A situation that mimics viral hepatitis: statin induced rhabdomyolysis
Abstract number: 1135_18
Cokca F., Özkan S., Nergisoglu G., Memikoglu O.K., Azap A.
A 44-year-old woman was admitted to the emergency room with the complaints of abdominal pain, generalized muscle pain, cramps, and dark urine lasting for the last five days. She was well orientated with a body temperature of 37.3°C, blood pressure of 110/80 mmHg, and pulse rate of 84/min. Systemic examination did not reveal any pathological finding. The biochemical tests showed elevated levels of ALT (1196 U/L), AST (1200 U/L), LDH (1768 U/L), creatinine (2.1 mg/dL), and BUN (62 mg/dL).

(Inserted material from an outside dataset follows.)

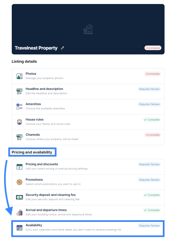 - The selected property’s calendar will then be revealed for you to review or edit.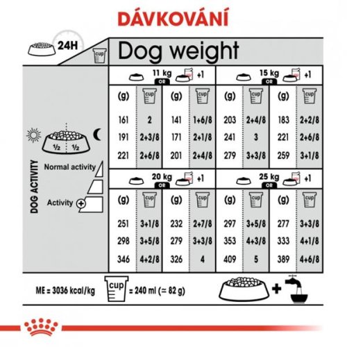 Krmivo ROYAL CANIN Light Weight Care Medium pomáha vášmu psovi udržať ideálnu váhu. Je vhodné pre psov, ktorí vážia medzi 11 a 25 kg. Toto špeciálne zloženie obsahuje skupinu mastných kyselín omega 3, vrátane EPA a DHA, ktoré podporujú kĺby. Diétne granule pre psov sú špeciálne pripravené s nižším obsahom tukov, aby si váš pes udržal ideálnu telesnú hmotnosť. Spoločnosť Royal Canin vie, aké sú bielkoviny dôležité. Zloženie je bohaté na vysoko stráviteľné bielkoviny, ktoré pomáhajú vášmu psovi zachovať svalovú hmotu pri zníženom príjme tukov a kalórií. Optimálna kombinácia rozpustnej a nerozpustnej vlákniny navyše vášho psa zasýti a zaistí aj pravidelný a zdravý priechod čreva pre lepšie trávenie. Program výživy Light Weight Care je dostupný ako chrumkavé granule a chutné paštéty v kapsičke. Obe sú nutrične kompletné a dokonale sa dopĺňajú. Prečo nevyskúšať paštétu ako doplnok granúl? Krmivo ROYAL CANIN Light Weight Care Medium bolo vedecky testované v pet centre Royal Canin a je dokázané, že obsahuje o 21% menej tukov ako bežné krmivo pre dospelé psy. To znamená, že výsledky krmiva sú preukázaným úspechom. Zloženie: dehydratované kuracie proteíny, kukurica, rastlinná vláknina, jačmeň, pšenica, kukuričný glutén, hydrolyzované živočíšne proteíny, živočíšne tuky, ryža, repné rezne, sušená celulóza, kvasnice a ich časti, rybí tuk , hydrolyzát droždia (zdroj mannooligosacharidov), výťažok z nechtíka lekárskeho (zdroj luteínu). Nutričné doplnkové látky: vitamín A: 22500 oi, Vitamín D3: 1000 oi, E1 (Železo): 34 mg, E2 (Jód): 3,5 mg, E4 (Meď): 11 mg, E5 (Mangan): 45 mg, E6 (Zinok): 135 mg, E8 (Selén): 0,06 mg - Konzervanty - Antioxidanty. Dávkovanie:

Viral hepatitis, leptospirosis and hepatorenal syndrome were considered in the differential diagnosis and the patient was transferred to the Infectious Diseases Department. She was diabetic and hypertensive for a year and was taking gliclazide 60 mg/day, lisinopril 20 mg/day. She was also taking fluvastatin 80 mg/day for hypercholesterolemia for a year which was changed to simvastatin 40 mg/day for the last two months by her doctor. The biochemical tests revealed that serum CPK was 119.300 U/L in 1/40 diluted serum sample, myoglobin was 4.000 ng/ml, viral hepatitis panel and Leptospira microagglutination test was negative. Her renal functions rapidly deteriorated. She was diagnosed as statin rhabdomyolysis and underwent to hemodialysis. The patient slowly improved and recovered with hemodialysis and discontinuation of statin drug. The incidence of rhabdomyolysis with statin monotherapy was reported as 0.040.2%. Our patient was taking high dose statin and was unaware of side effects. All patients taking statins should be informed about the side effects of these drugs.